Le 13 mars 2018, Arte diffuse un documentaire intitulé Guerre de l’info au cœur de la machine russe, une enquête menée en 2017 par Paul Moreira.
Le pitch
« Le 29 mai 2017, le président français Emmanuel Macron fraîchement élu accueille à Versailles son homologue Vladimir Poutine, et accuse la chaîne internationale RT (Russia Today) et le site Sputnik d’avoir œuvré durant la campagne électorale française comme des organes de propagande en faveur de Marine Le Pen, sur ordre du Kremlin. « Apportez-nous les preuves », rétorque en substance le président russe, aujourd’hui candidat à un quatrième mandat. C’est ce que fait Paul Moreira dans cette enquête rigoureuse, exposant un pan de la machine russe à désinformer, au travers, notamment, de la manière dont elle s’est mise au service de Marine Le Pen dans la course à la présidence française, mais aussi de ses faits d’armes pro-Trump aux États-Unis, et pro AfD (le parti d’extrême droite Alternative für Deutschland) en Allemagne. Paul Moreira interroge la jeune patronne de RT, Margarita Simonian, qui sait tourner en ridicule dans un clip malicieux ceux qui dénoncent son asservissement au Kremlin. Il parvient aussi à faire parler (en caméra cachée) le guerrier de l’ombre Konstantin Rykov, hacker et ancien député pro-Poutine, qui a joué un rôle clé dans les campagnes américaine et française. D’une « usine à trolls » de Saint-Pétersbourg, où de jeunes professionnels du Web fabriquent 24 heures sur 24 des fake news, aux confidences du député européen d’extrême droite Jean-Luc Schaffhauser, qui a négocié les prêts russes au Front national, de la profession de foi ultraconservatrice de l’oligarque Konstantin Malofeev aux mensonges par omission du leader de l’AfD Alexander Gauland, Paul Moreira a enquêté plusieurs mois pour établir des liens entre le sommet du pouvoir russe et les vagues de désinformation dénoncées par le président français comme par les services secrets américains. Son documentaire éloquent met ainsi des faits, des mots et des visages sur une nébuleuse soigneusement entretenue, dont les combattants ont appris à effacer les traces ».
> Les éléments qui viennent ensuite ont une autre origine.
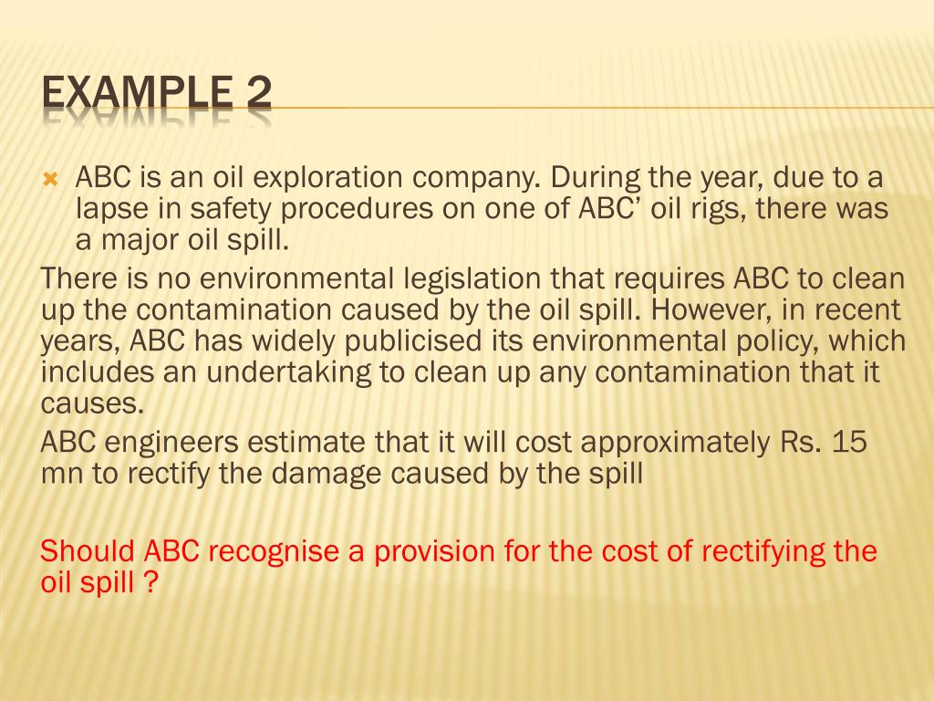 ABC is an oil exploration company. During the year, due to a lapse in safety procedures on one of ABC’ oil rigs, there was a major oil spill. There is no environmental legislation that requires ABC to clean up the contamination caused by the oil spill. However, in recent years, ABC has widely publicised its environmental policy, which includes an undertaking to clean up any contamination that it causes. ABC engineers estimate that it will cost approximately Rs. 15 mn to rectify the damage caused by the spill Should ABC recognise a provision for the cost of rectifying the oil spill ? Example 2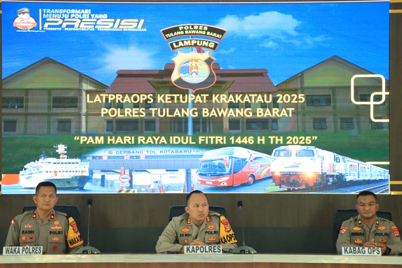 Latpraops dipimpin oleh Kapolres Tubaba AKBP Sendi Antoni.S.I.K, M.I.K, di dampingi Wakapolres Kompol Zaini Dahlan, S.H., M.H beserta Kabag Ops Kompol Hendra Gunawan, S.H., M.H pejabat utama, para Kapolsek serta personel yang terlibat dalamOperasi Ketupat Krakatau 2025.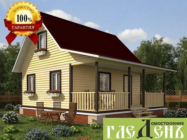 Проект одноэтажного дома «Флагман 2» с мансардой и террасой.Площадь Абая, 98 составляет 76.32 кв.м а Pin Up 7 х 8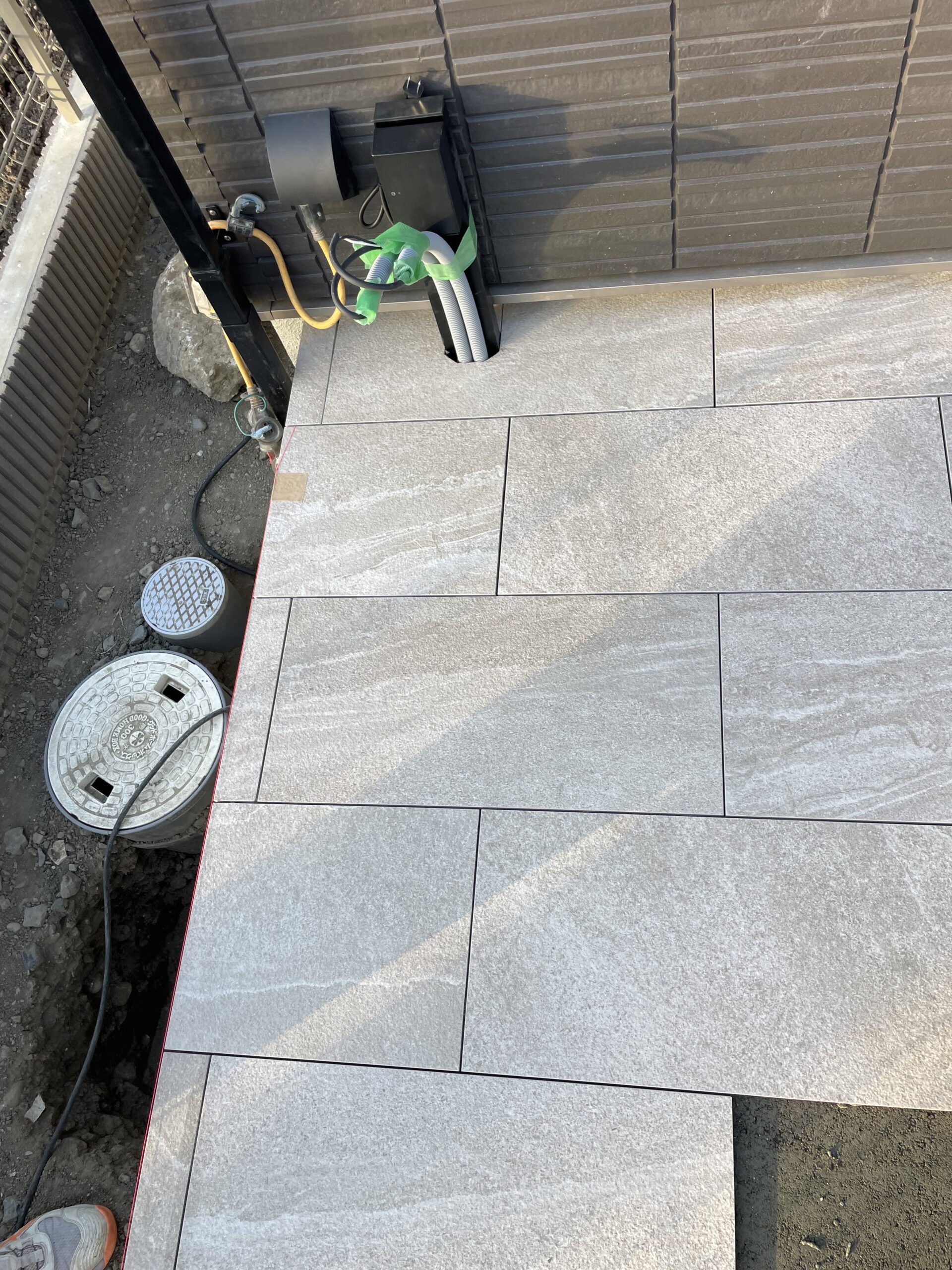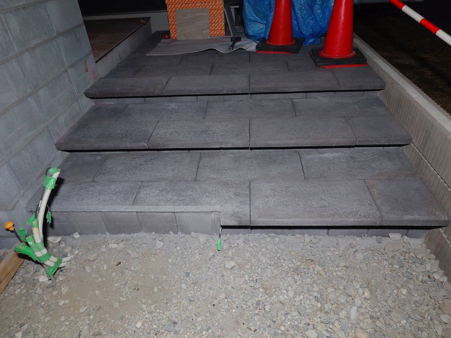コンクリート平板の階段とタイルテラス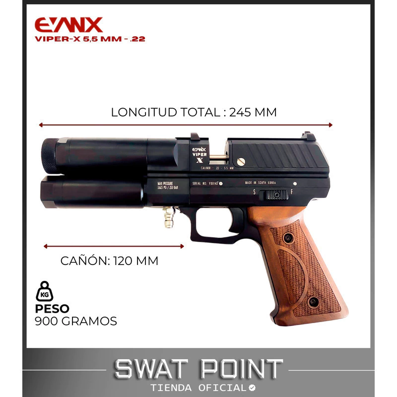 Con un sistema PCP de aire comprimido, la Viper-X ofrece una autonomía de 14 disparos por carga y una velocidad promedio de 650 FPS con munición de 16 grains, generando hasta 23 joules de energía. Su cañón de 120 mm incluye una rosca 1/2 UNF para agregar un supresor de sonido, mientras que su riel superior de 11 mm permite montar una mira o punto rojo para mayor versatilidad.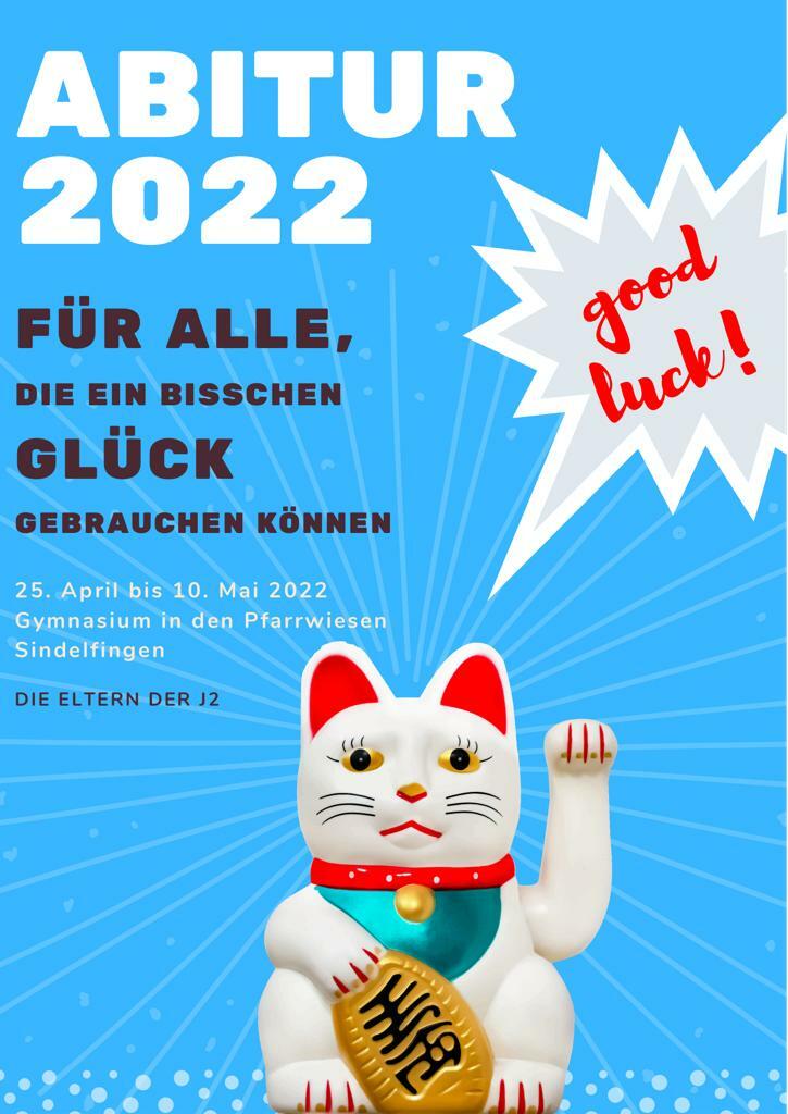 Kreis Böblingen. Das Abitur beginnt heute morgen um 9 Uhr mit den schriftlichen Prüfungen in italienisch, portugiesisch und spanisch. Der Elternbeirat des Sindelfinger Pfarrwiesen-Gymnasiums hat für die Schülerinnen und Schüler und deren Eltern ein Plakat zur Motivation geschaffen. Am Dienstag stehen die Fächer Bildende Kunst, Informatik und Sport auf dem Abi-Programm. Die SZ/BZ drückt allen Abiturienten und Abiturientinnen die Daumen. phi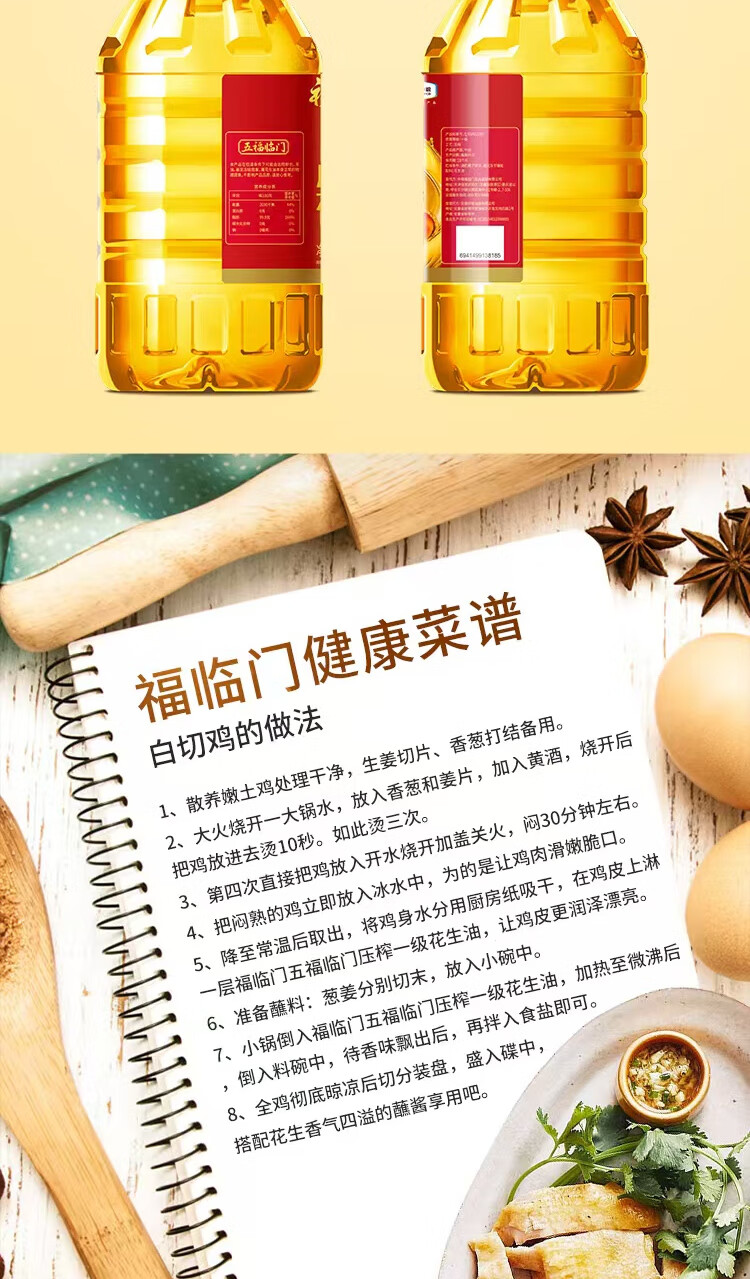 凈含量:5L 條形碼:6941499138185 開票稅率:9% 產(chǎn)品賣點: 壓榨一級醇香加倍:物理壓榨鎖鮮,花生原香濃郁持久,油體金黃透亮,煎炒烹炸樣樣香,提味增香更下飯 中糧央企嚴選原料:精選優(yōu)質(zhì)花生,多重質(zhì)檢把關,無添加更健康,5L 大容量滿足家庭長期烹飪需求,性價比高 五福臨門節(jié)慶優(yōu)選:寓意吉祥喜慶,大桶家庭裝適配日常與團圓宴,中糧全鏈可追溯,送禮自用兩相宜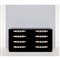 Cassettone in legno laccato nero, sul fronte otto cassetti, maniglie in lucite trasparente a torchon, ottone, piano rettangolare.Usure.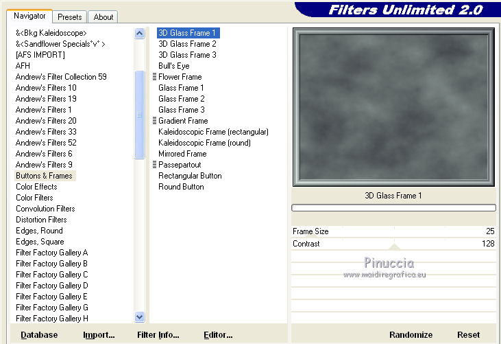 17. Effetti>Plugins>Filters Unlimited 2.0 - Buttons and Frames - 3D Glass Frame 1.

Un pitch qui donne clairement le ton et le caractère militant d’un documentaire visant à la fois Poutine et Marine Le Pen, accusant en tout premier lieu le président russe d’agir afin de trafiquer les élections françaises et américaines.
Les mots du documentaire
Une mise en bouche :
Le documentaire commence par la fameuse question posée par un journaliste à Poutine, lors de sa visite à Paris pour rencontrer Macron, question qui porte sur une rumeur : le fait que des hackeurs russes se seraient immiscés dans la campagne présidentielle française, contre Macron.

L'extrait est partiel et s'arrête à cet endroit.